= DATASET CONTENT =
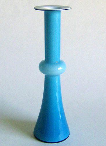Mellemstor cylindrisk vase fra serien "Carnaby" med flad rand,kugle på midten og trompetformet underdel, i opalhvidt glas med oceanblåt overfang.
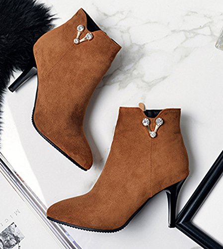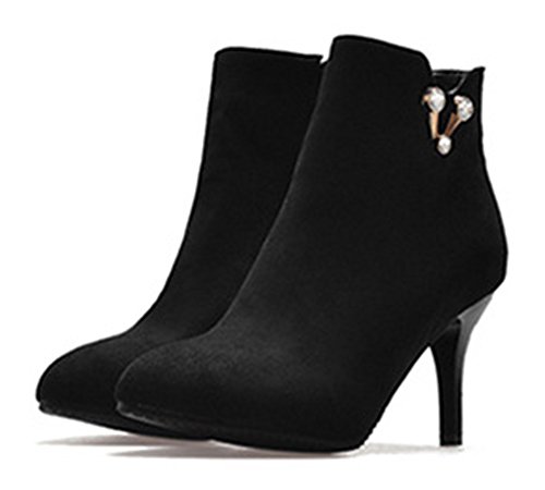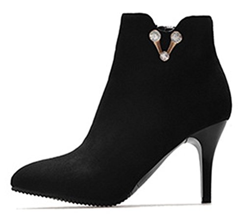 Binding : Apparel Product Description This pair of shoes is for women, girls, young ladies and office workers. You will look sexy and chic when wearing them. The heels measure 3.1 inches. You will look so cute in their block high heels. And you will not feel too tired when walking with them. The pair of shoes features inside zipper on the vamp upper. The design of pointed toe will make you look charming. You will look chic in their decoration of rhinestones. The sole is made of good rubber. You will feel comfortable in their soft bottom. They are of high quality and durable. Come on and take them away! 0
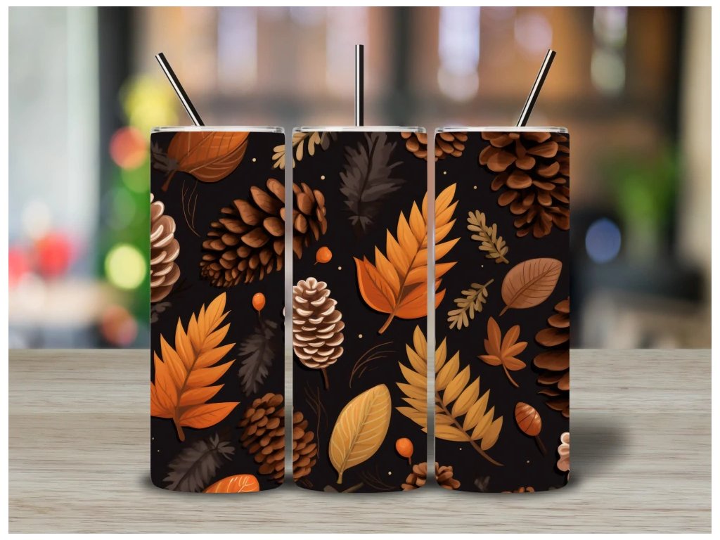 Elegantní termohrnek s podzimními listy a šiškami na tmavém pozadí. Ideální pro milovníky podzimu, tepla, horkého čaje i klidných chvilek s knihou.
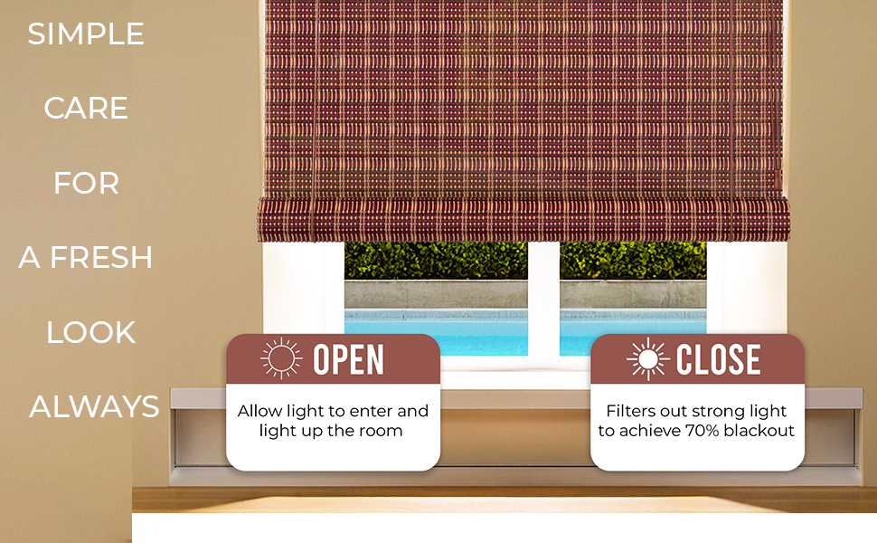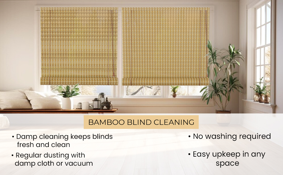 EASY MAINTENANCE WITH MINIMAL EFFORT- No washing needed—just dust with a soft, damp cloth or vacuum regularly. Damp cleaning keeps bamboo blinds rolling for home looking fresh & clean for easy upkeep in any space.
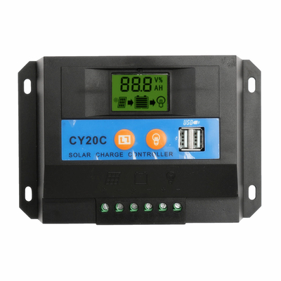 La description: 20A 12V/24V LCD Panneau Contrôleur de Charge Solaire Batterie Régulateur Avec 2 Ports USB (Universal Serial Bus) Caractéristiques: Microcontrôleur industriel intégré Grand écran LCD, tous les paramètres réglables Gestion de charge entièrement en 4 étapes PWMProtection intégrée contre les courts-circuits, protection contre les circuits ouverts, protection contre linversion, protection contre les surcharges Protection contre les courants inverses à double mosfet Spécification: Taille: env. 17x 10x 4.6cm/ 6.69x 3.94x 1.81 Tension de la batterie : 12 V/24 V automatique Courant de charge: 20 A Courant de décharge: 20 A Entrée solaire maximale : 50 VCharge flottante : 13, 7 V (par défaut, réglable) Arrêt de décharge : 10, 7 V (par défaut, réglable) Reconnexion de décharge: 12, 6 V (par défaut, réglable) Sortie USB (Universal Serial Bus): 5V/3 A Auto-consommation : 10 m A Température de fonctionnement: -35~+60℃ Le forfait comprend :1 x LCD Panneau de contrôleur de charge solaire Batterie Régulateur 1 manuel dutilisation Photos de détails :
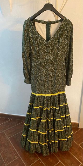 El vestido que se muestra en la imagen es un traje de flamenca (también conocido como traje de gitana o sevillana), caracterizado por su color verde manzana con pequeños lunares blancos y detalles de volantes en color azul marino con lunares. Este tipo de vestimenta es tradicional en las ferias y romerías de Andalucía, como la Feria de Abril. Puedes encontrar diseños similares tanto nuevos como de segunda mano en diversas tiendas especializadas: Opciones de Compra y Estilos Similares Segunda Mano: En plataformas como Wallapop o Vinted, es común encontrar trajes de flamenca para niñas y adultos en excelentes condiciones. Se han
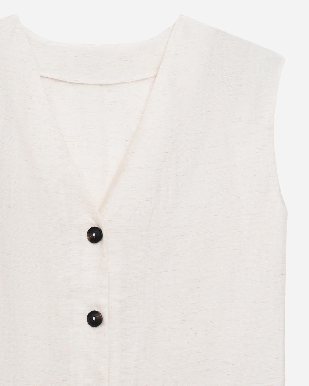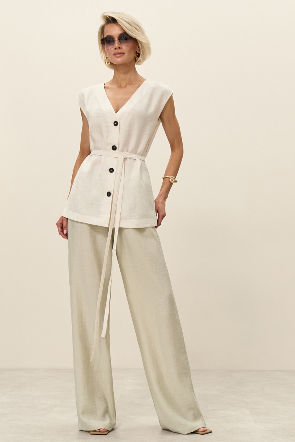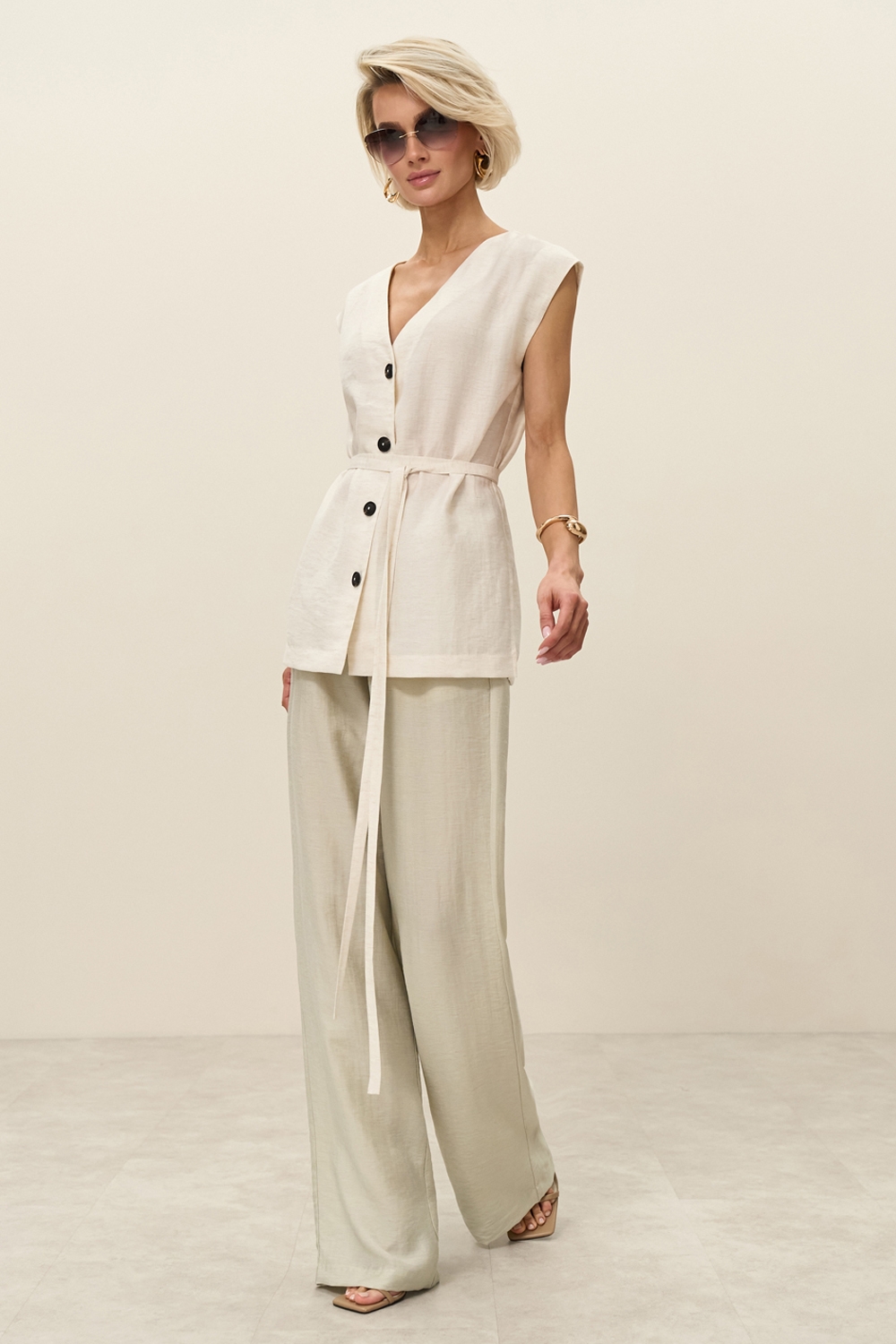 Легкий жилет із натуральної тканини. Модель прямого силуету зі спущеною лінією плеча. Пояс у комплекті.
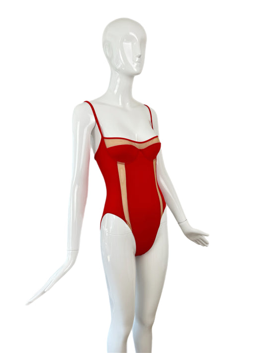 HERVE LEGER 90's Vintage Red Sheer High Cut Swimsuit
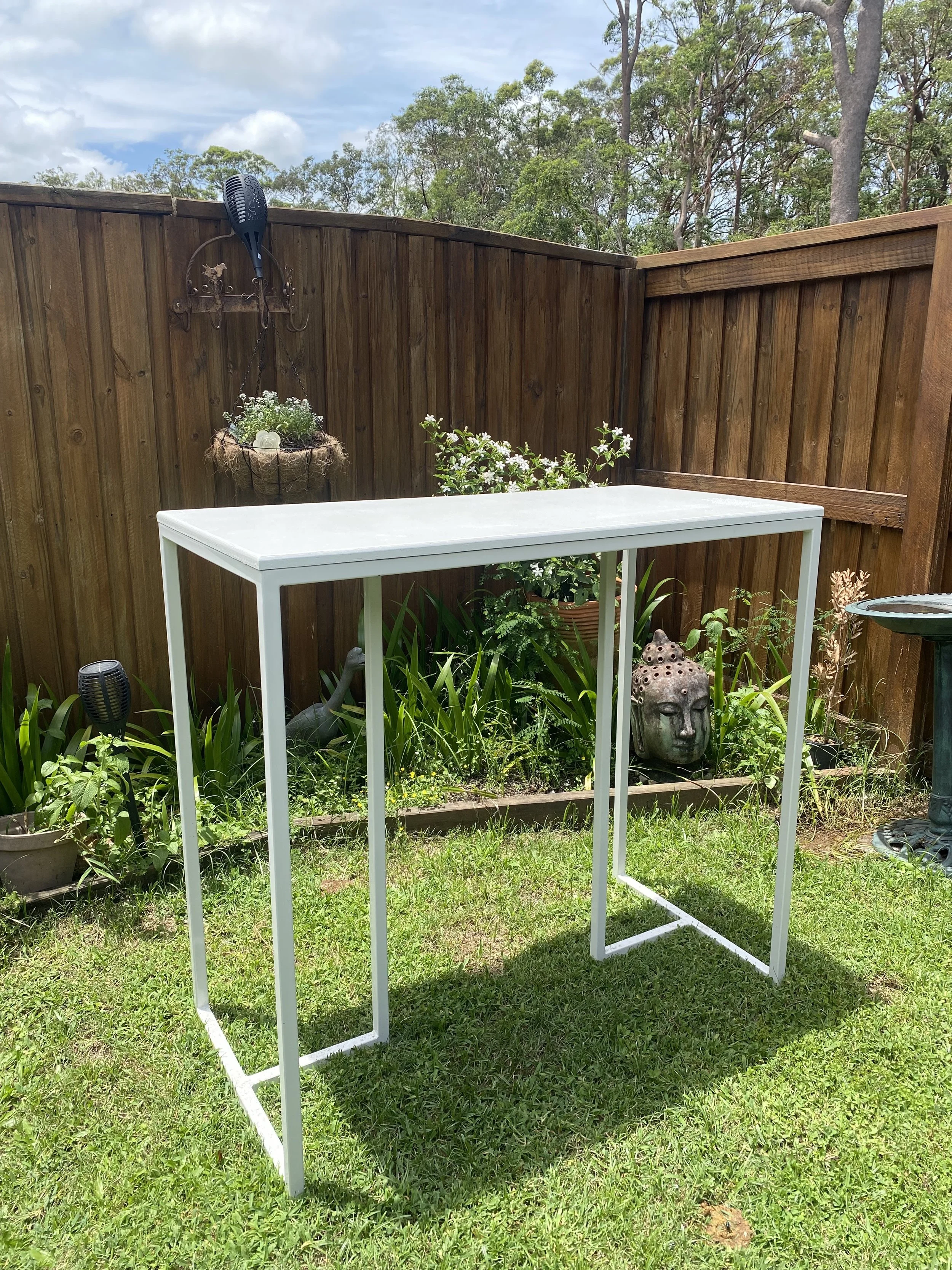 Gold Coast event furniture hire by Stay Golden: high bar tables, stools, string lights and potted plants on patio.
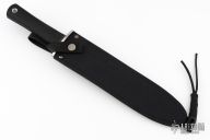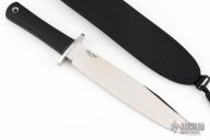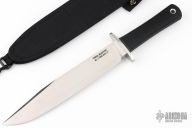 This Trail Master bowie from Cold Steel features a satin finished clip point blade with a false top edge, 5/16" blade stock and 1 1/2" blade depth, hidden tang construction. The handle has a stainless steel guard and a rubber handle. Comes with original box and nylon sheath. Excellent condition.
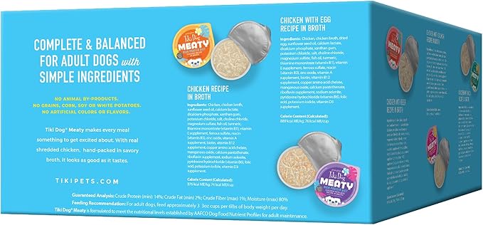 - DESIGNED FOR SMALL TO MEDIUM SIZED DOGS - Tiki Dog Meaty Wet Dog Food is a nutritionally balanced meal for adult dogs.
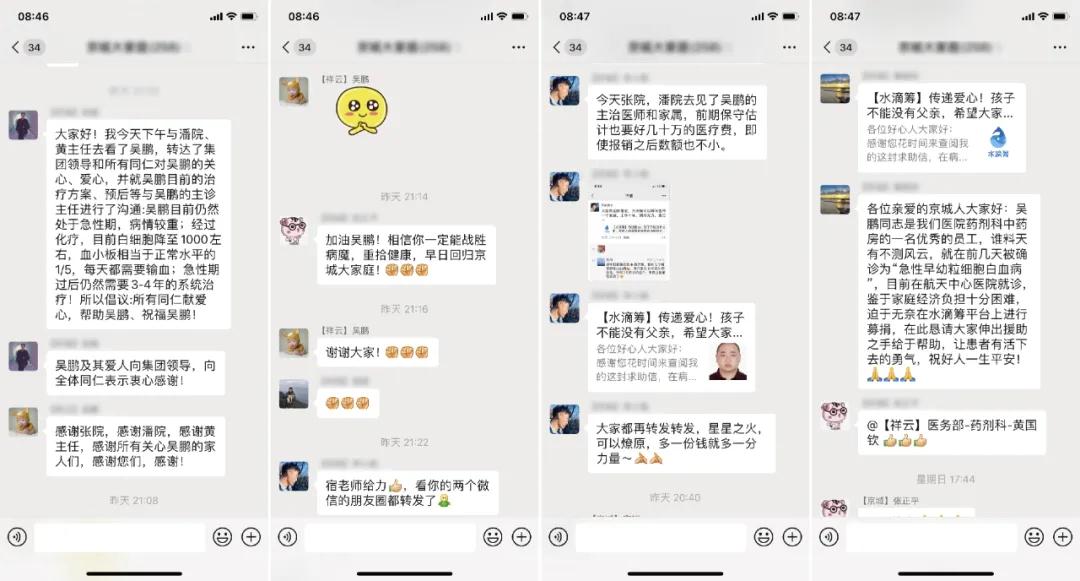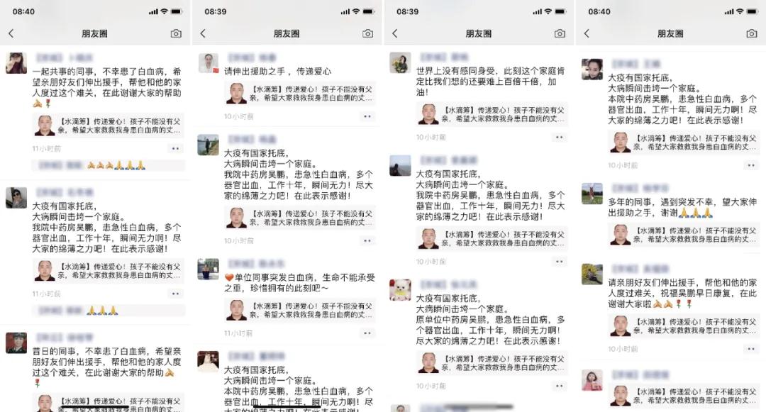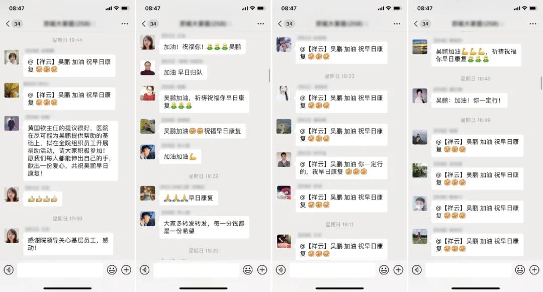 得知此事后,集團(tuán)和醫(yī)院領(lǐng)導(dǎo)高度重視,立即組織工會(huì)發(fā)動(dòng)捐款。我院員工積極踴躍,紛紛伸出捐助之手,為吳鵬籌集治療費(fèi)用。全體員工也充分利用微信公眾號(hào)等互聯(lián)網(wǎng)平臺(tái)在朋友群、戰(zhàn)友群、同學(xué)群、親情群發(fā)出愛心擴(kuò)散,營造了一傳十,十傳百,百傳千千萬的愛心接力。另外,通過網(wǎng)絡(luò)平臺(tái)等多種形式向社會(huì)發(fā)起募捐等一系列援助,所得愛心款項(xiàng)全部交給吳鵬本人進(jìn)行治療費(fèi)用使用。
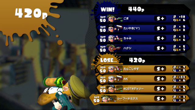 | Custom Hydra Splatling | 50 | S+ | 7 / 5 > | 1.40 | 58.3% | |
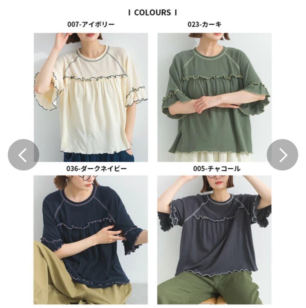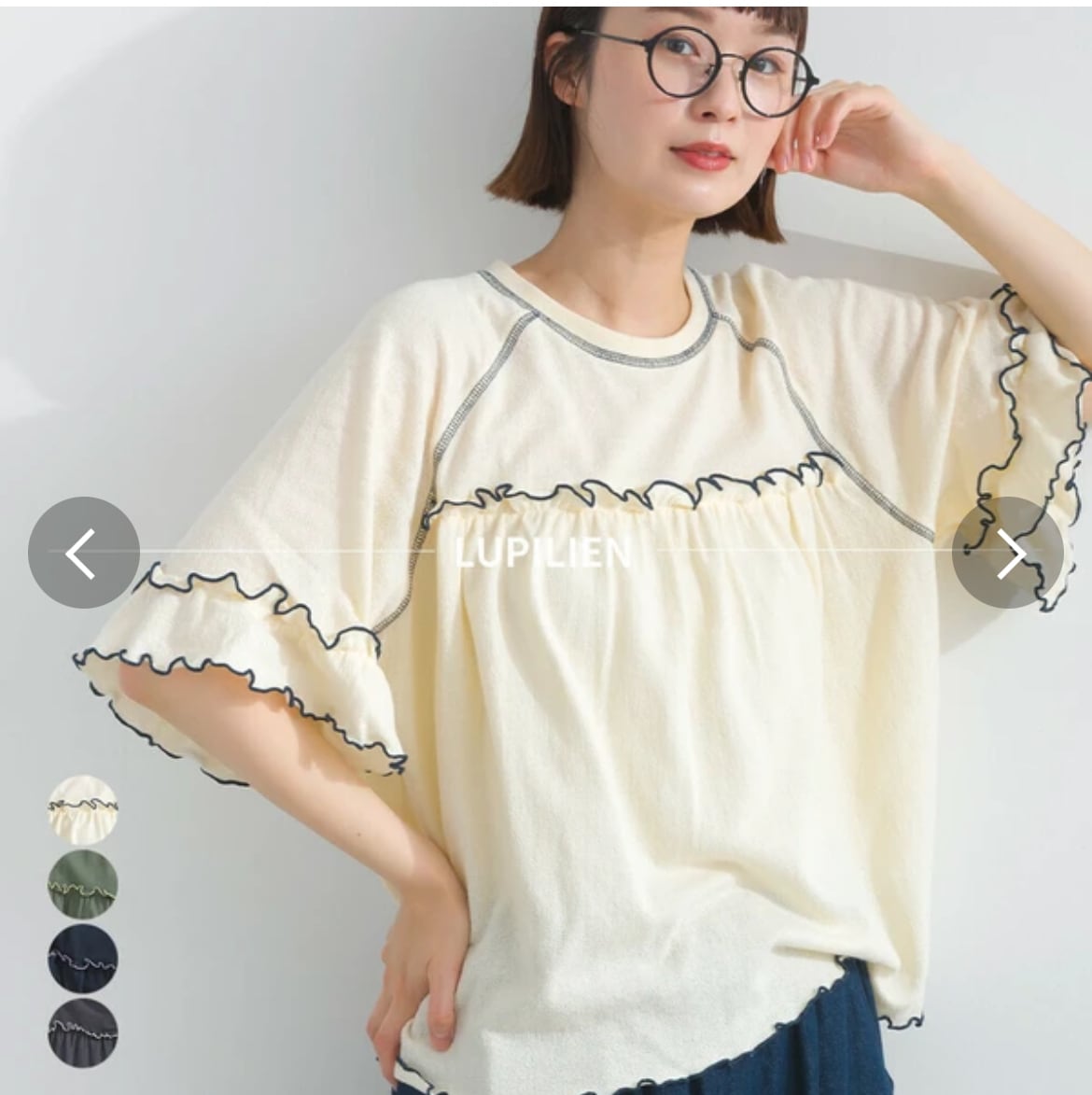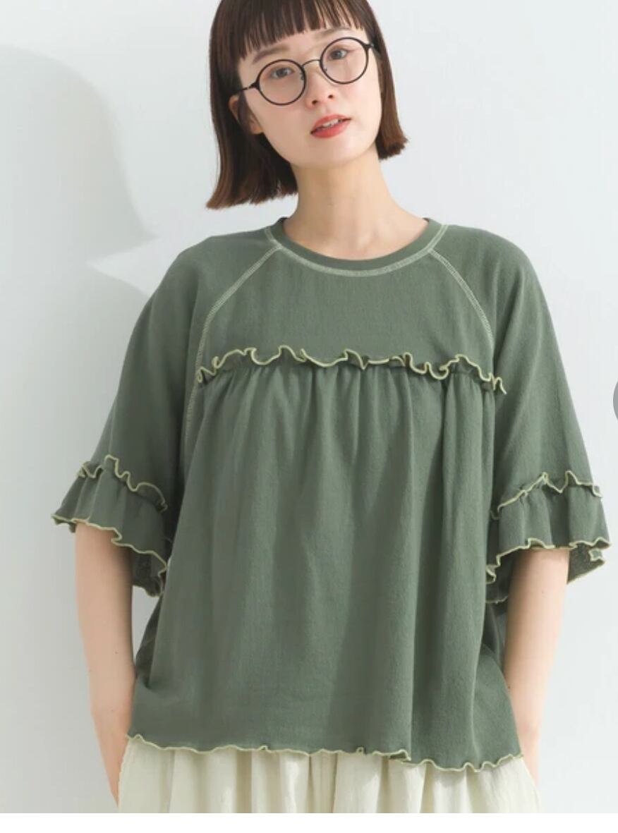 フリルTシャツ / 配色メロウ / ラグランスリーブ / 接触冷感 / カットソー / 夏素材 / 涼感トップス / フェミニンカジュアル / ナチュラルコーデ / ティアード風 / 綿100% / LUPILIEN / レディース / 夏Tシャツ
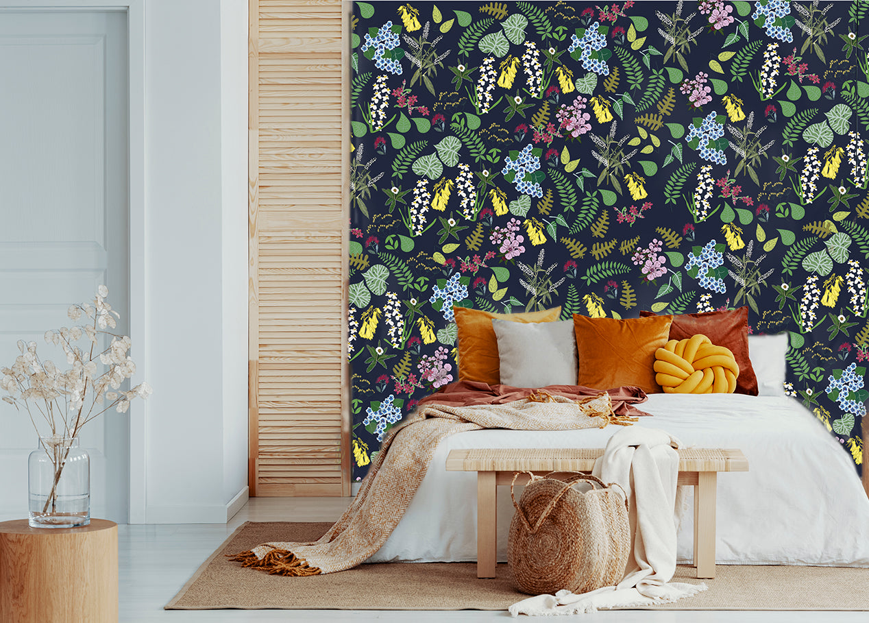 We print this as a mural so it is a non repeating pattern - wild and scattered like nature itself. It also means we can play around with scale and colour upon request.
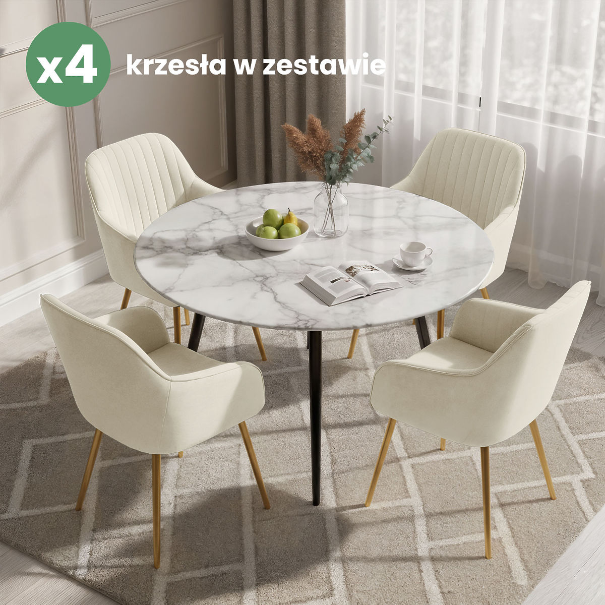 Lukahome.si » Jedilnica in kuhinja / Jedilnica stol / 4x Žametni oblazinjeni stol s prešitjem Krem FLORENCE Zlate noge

= PROBLEM STATEMENT =
Where the line containing "1.40 | 58.3% | |" appears, begin copying there and continue exactly through the final line of the records; both end lines belong in the copy, pictures do not.

= SOLVED EXERCISE =
 | Custom Hydra Splatling | 50 | S+ | 7 / 5 > | 1.40 | 58.3% | |
 フリルTシャツ / 配色メロウ / ラグランスリーブ / 接触冷感 / カットソー / 夏素材 / 涼感トップス / フェミニンカジュアル / ナチュラルコーデ / ティアード風 / 綿100% / LUPILIEN / レディース / 夏Tシャツ
 We print this as a mural so it is a non repeating pattern - wild and scattered like nature itself. It also means we can play around with scale and colour upon request.
 Lukahome.si » Jedilnica in kuhinja / Jedilnica stol / 4x Žametni oblazinjeni stol s prešitjem Krem FLORENCE Zlate noge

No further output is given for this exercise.